Hachirōgata or Hachirō Lagoon (八郎潟, Hachirō-gata) is a lake in Akita Prefecture in northern Japan. Its formal name is Lake Hachirō (八郎湖, Hachirō-ko), but it is also called Hachirōgata Regulating Pond (八郎潟調整池, Hachirō-gata chōseichi). At 4 meters below sea level, Hachirōgata is the lowest natural point in Japan.

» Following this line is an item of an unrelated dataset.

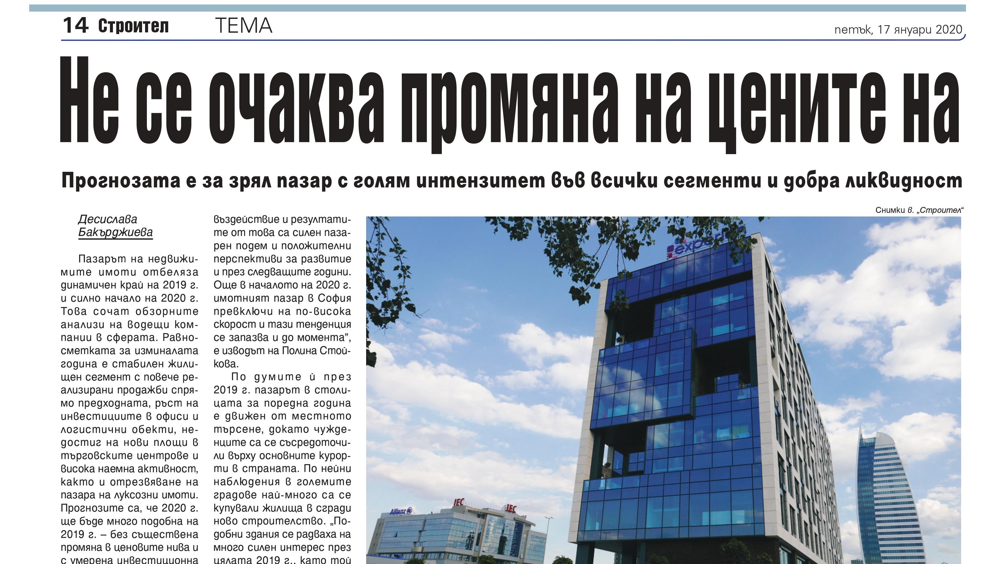 Не се очаква промяна на цените на недвижимите имоти през 2020 г.
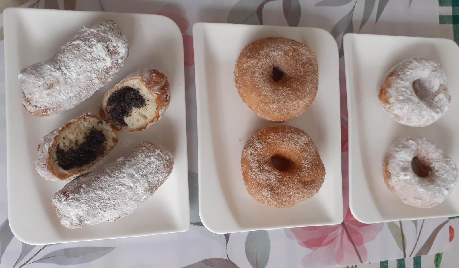 šišky obaľované v práškovom cukre s vanilkou, v škoricovom cukre s vanilkou, pirôžky plnené makom😍

Hachirōgata was the second-largest lake in Japan after Lake Biwa. Extensive reclamation began in 1957 for crop production, and Ōgata village was established on the reclaimed land on October 1, 1964. The remaining lake has an area of 48.3 km2 (18th largest in Japan).

Some regard the reclamation as a mistake, since Japan began to be bothered with surplus rice soon after the completion of the reclamation. Others lament the loss of the wetlands.

Fishery of shijimi shells (Corbicula japonica) was a thriving industry, but it decreased as the lake became less brackish. In the winter, people fish wakasagi (Hypomesus nipponensis) by hollowing out the frozen surface. Today, black bass fishing attracts tourists even outside the prefecture, though some suspect that indigenous species are threatened by the invasion of the extraneous fish.

==Legend==

According to a legend, a man called Hachirō was transformed into a dragon and chose the lake for his home after wandering a long time. Thus, the lake was named Hachirō-gata (-gata means "lagoon"). Later, he was attracted to a woman who owned Lake Tazawa, another lake in Akita Prefecture, and moved to be with her. After that, Hachirōgata became increasingly shallower.